At his confirmation hearing in January, Pruitt said he will seek only to ensure predictable regulation that respects states’ jurisdiction. He said he would seek to end a “false paradigm that if you’re pro-energy, you’re against the environment.” (See Dems Unmoved by EPA Pick’s Charm Offensive.)

Pruitt rejected calls that he recuse himself as EPA administrator from any lawsuits he filed as attorney general, saying said he would consult with EPA’s ethics counsel on a case-by-case basis.

He defended letters he sent to EPA and other federal officials — on state government stationary and signed by him — that had been authored by oil and gas companies. He insisted he was “representing the interests of the people of Oklahoma,” noting that the oil and gas industry is responsible for one-quarter of the state’s budget.

Last week, an Oklahoma judge ordered Pruitt to release thousands of emails related to his communication with the oil, gas and coal industries. The judge ruled in favor of the Center for Media and Democracy, which has been seeking the correspondence under public records laws for more than two years.

Hostile Work Environment?

Pruitt’s plans for the agency are certain to be met with skepticism, if not hostility, by many in the EPA bureaucracy.

Last Monday, about 300 people, including dozens of EPA employees, held a lunch hour rally outside the agency’s Chicago regional headquarters in opposition to Pruitt’s appointment.

scott pruitt EPA
About 300 people, including dozens of EPA employees, held a lunch hour rally across the street from the EPA’s Chicago regional headquarters in opposition to Pruitt’s appointment. | Sierra Club

In addition, more than 400 former EPA officials signed a letter to Congress opposing Pruitt’s confirmation.

“Our perspective is not partisan. Having served under both Republican and Democratic presidents, we recognize each new administration’s right to pursue different policies within the parameters of existing law and to ask Congress to change the laws that protect public health and the environment as it sees fit,” they wrote. “However, every EPA administrator has a fundamental obligation to act in the public’s interest based on current law and the best available science. Mr. Pruitt’s record raises serious questions about whose interests he has served to date and whether he agrees with the longstanding tenets of U.S. environmental law.”

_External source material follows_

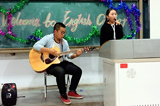 在主持人流利的英语开场词之后,欢快的女生小合唱《每个人》(Everybody)拉开了活动的序幕。随后同学们表演的节目精彩纷呈,有动听的英文歌曲《在我肩上哭泣》(Cry on My Shoulder)、《宝贝》(Baby)、《爱情故事》(Love Story)、《天空之城》(Castle in the Sky),有师生合作的歌曲《小故事》(A Little Story),有铿锵有力的《军队进行曲》(Military March),还有吉他弹唱《爱就要行动》(Love Is a Verb)、分声部合唱《柠檬树》(Lemon Tree)和展现自信勇敢的《你要走我的路吗》(Are You Gonna Go My Way),歌声激情洋溢,极富感染力。活动中,同学们还表演了诗朗诵《面朝大海,春暖花开》(Facing the Sea with Blossoms)、《自由》(Freedom)和《创造属于你自己的生活》(Creating Your Own Life),还有同学们自己创编的舞蹈节目和风趣幽默的英汉双语小品《语言障碍》(Language Obstacles)等。演出高潮迭起、掌声阵阵。最后,同学们齐唱欢乐甜美的《大千世界》(Big Big World),活动圆满落幕。在本次英语角活动中,同学们用丰富多彩的表演节目诠释着青春和力量,充分展示了英语风采和青春活力,提高了英语学习的兴趣和英语沟通能力。

As attorney general, they said, Pruitt had “shown no interest in enforcing environmental laws,” noting that while he issued more than 50 press releases celebrating lawsuits to overturn EPA rules, he issued none referring “to any action he has taken to enforce environmental laws or to actually reduce pollution.”

“We are most concerned about Mr. Pruitt’s reluctance to accept and act on the strong scientific consensus on climate change,” they added.

What’s Next for CPP?

epa democrat boycott scott pruitt
Pruitt | © RTO Insider

Inside EPA reported last week that President Trump is planning to attend a swearing-in ceremony for Pruitt at agency headquarters, where the president will sign executive orders.

The Washington Post reported Monday that one executive order will direct EPA to rewrite the Clean Power Plan and the Interior Department’s Bureau of Land Management (BLM) to eliminate a moratorium on coal leasing on federal lands.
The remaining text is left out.